September 23, 2014 (San Diego’s East County)--A lawsuit has been filed in California, alleging that a huge backlog in processing Medicaid applications has caused suffering to low-income patients who are unable to get healthcare.

The backlog occurred after the expansion of Medi-Cal, California’s version of Medicaid, under federal healthcare reforms when over a million residents signed up for the Obamacare options. Many were previously uninsured and ineligible. 

But as of May, the suit contends, over 900,000 of those applications—nearly a million—had still not been reviewed, leaving applicants in limbo. The backlog dropped by nearly two-thirds, to 350,000, after the Centers for Medicare and Medicaid Services sent a letter to California and five other states that had dragged their feet on getting applicants approved. The letter told them to come up with a plan to trim the backlog.

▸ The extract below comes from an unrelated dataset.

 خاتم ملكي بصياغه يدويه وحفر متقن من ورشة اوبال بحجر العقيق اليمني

But the suit, filed by health access advocates, argues that even this backlog violates state law, which requires that all Medi-Cal applicants be informed of their eligibility status within 45 days after applying. Some Californians have been waiting over eight months, the suit charges.

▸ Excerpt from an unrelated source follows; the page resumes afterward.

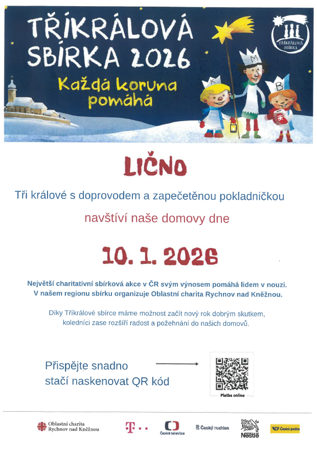 Tři králové s doprovodem a zapečetěnou pokladničkou navštíví Vaše domovy v sobotu 10.ledna 2026.

This situation happened to one of East County Magazine’s own writers, who was left without Medi-Cal coverage for months even after undergoing open heart surgery while his application was pending. Adding to the stress of his post-surgical recovery, he had to contend with notices of unpaid bills from the hospital and doctors – bills that Medi-Cal should have covered and eventually did, but only months later.

But some patients have avoided seeking treatment, waiting for their coverage to kick in. The lawsuit cites the tragic case of Robert Rivera, who was sent a notice that his Medi-Cal application had been approved in California, six months after he applied.  Unfortunately, the approval arrived two months after Mr. Rivera had died of a pulmonary embolism while still uninsured.  He also suffered from heart problems and gallstones.

The suit states,  “By definition, Medi-Cal applicants are among California’s poorest residents and have no alternate means to pay for treatment for urgent, critical health care needs. Many of the applicants in this Medi-Cal backlog are sick or have serious chronic health conditions and urgently need medical care or prescription medications.”

The suit also suggests that the state has failed to notify applicants that they have a right to be granted Medi-Cal early in certain circumstances and seek care even before their insurance card arrives in the mail.

Attorney Lucy Quacinella, in a statement issued to media, says the 350,000 people left in limbo  need help. “These are real people, and they are suffering,” she declares.  “The state has decided it’s OK to leave them in limbo, allowing their health to deteriorate as they wait desperately for word about their Medi-Cal applications. It’s not OK—it’s illegal.”